# YOUR GOAL
Starting at the line that contains "プロジェクトを作った後で、SWTプログラムを新規できる。", write out each line through the end of the data below, exactly as it stands. Skip any pictures.

# PROVIDED MATERIAL
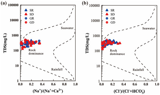 The Gibbs diagram is a qualitative study of the chemical composition and origin of natural waters. Gibbs and Feth [26,27] used the relationship diagrams of TDS − Na+/(Na+ + Ca2+) and TDS − Cl−/(Cl− + ) to classify natural waters into three main control types, namely, precipitation type, rock weathering dissolution filtration type, and evaporative concentration type. The water samples with low TDS and high cation concentration ratio (Na+/(Na+ + Ca2+) close to 1) are mainly distributed in the lower right corner of the Gibbs diagram, indicating that the water samples mainly receive recharge from precipitation. Water samples with medium TDS and low cation concentration ratio (Na+/(Na+ + Ca2+) generally less than or equal to 0.5) are mainly distributed in the left side of the middle of Gibbs diagram. This type of water samples’ composition is controlled by the weathering and filtration of rocks, and the composition of such water points mainly comes from the weathering hydrolysis of rocks and soils. The water samples with high TDS and high cation concentration ratio (Na+/(Na+ + Ca2+) close to 1) are distributed in the upper right corner of the Gibbs diagram, indicating that the water chemical composition of the water sample is controlled by the evaporative concentration. This type of water samples are generally distributed mainly in the arid areas where evaporation is strong. The same principle of analysis by anion concentration ratio (Cl−/(Cl− + )) can be used to check each other by comparative analysis of anions and cations.
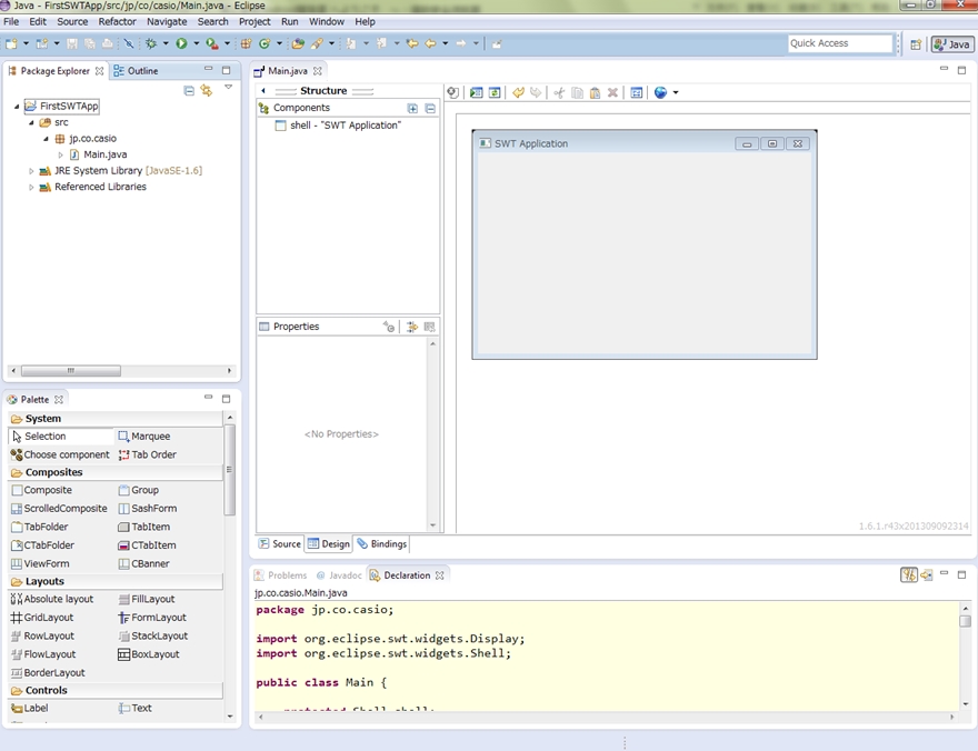 プロジェクトを作った後で、SWTプログラムを新規できる。
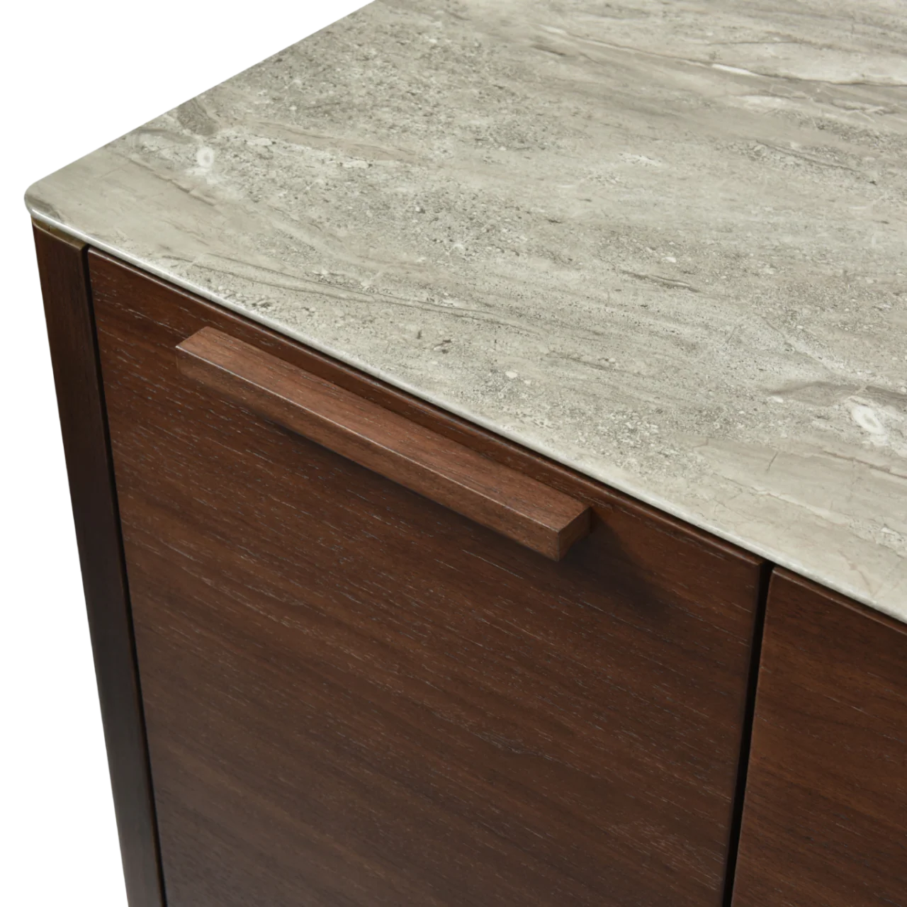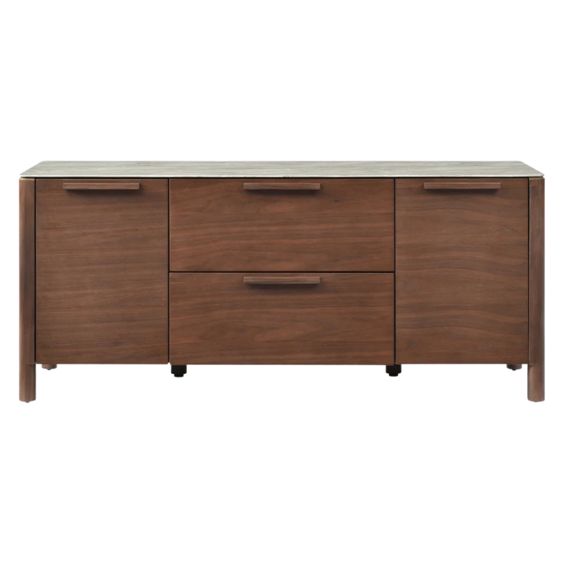 The Willow TV unit comes in a tobacco walnut finish and detailed marbled glass beige top. The unit has two doors and two drawers offering plenty of closed storage space. The drawers have soft close runners and subtle sleek black handles. This beautiful piece will compliment any style of interior and be a focal point to your living room.
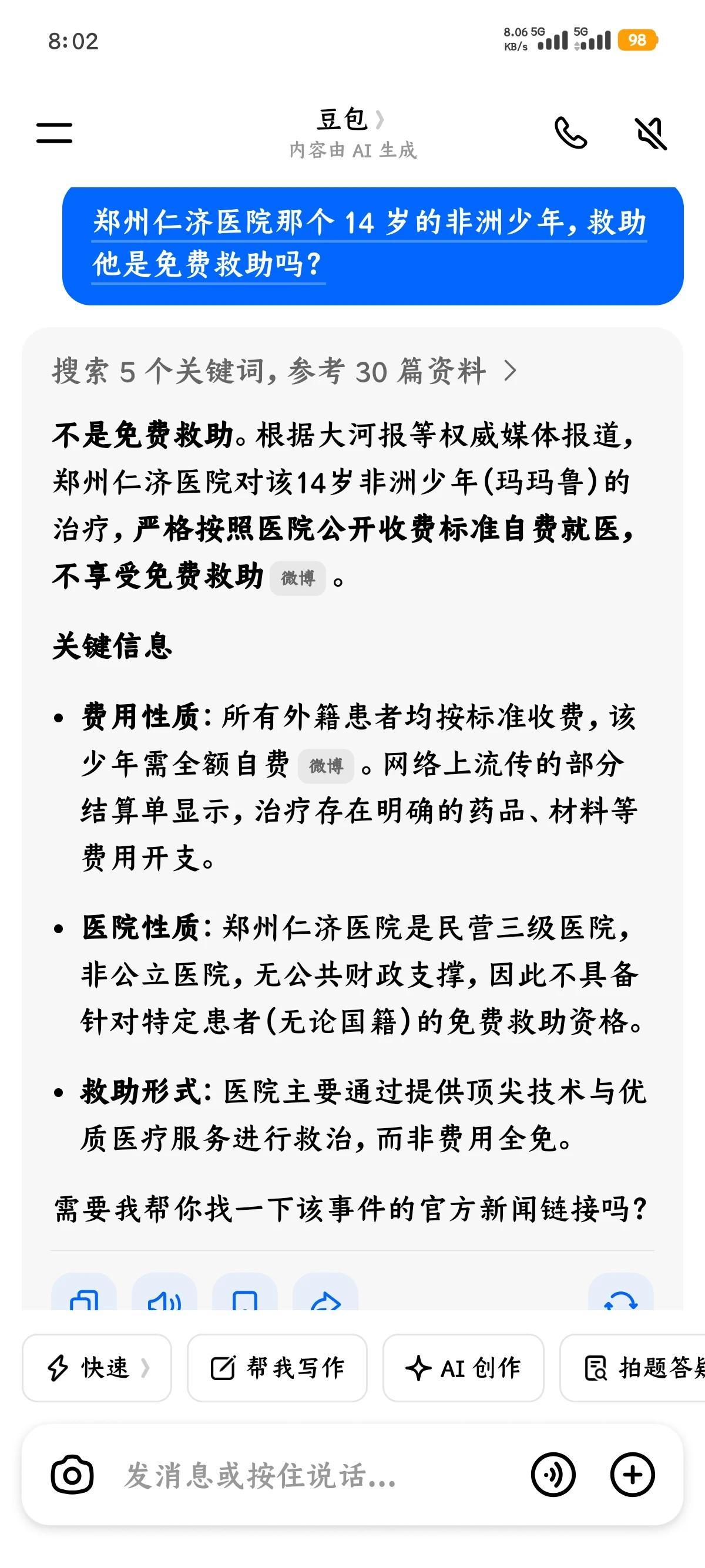 非洲男孩由于严重车祸,被多国拒绝治疗,郑州仁济医院伸出援手,使男孩重获新生。 网友的关注点却跑偏了,他们都在问,治疗是免费的吗? 别再怀疑,豆包给出了答案:不是免费救助,是自费。因为仁济医院是民营医院,非公立。这下你们放心了吧? 医院可以大胆宣传了,我们又创造了医学奇迹。

# RESPONSE AREA
 プロジェクトを作った後で、SWTプログラムを新規できる。
 The Willow TV unit comes in a tobacco walnut finish and detailed marbled glass beige top. The unit has two doors and two drawers offering plenty of closed storage space. The drawers have soft close runners and subtle sleek black handles. This beautiful piece will compliment any style of interior and be a focal point to your living room.
 非洲男孩由于严重车祸,被多国拒绝治疗,郑州仁济医院伸出援手,使男孩重获新生。 网友的关注点却跑偏了,他们都在问,治疗是免费的吗? 别再怀疑,豆包给出了答案:不是免费救助,是自费。因为仁济医院是民营医院,非公立。这下你们放心了吧? 医院可以大胆宣传了,我们又创造了医学奇迹。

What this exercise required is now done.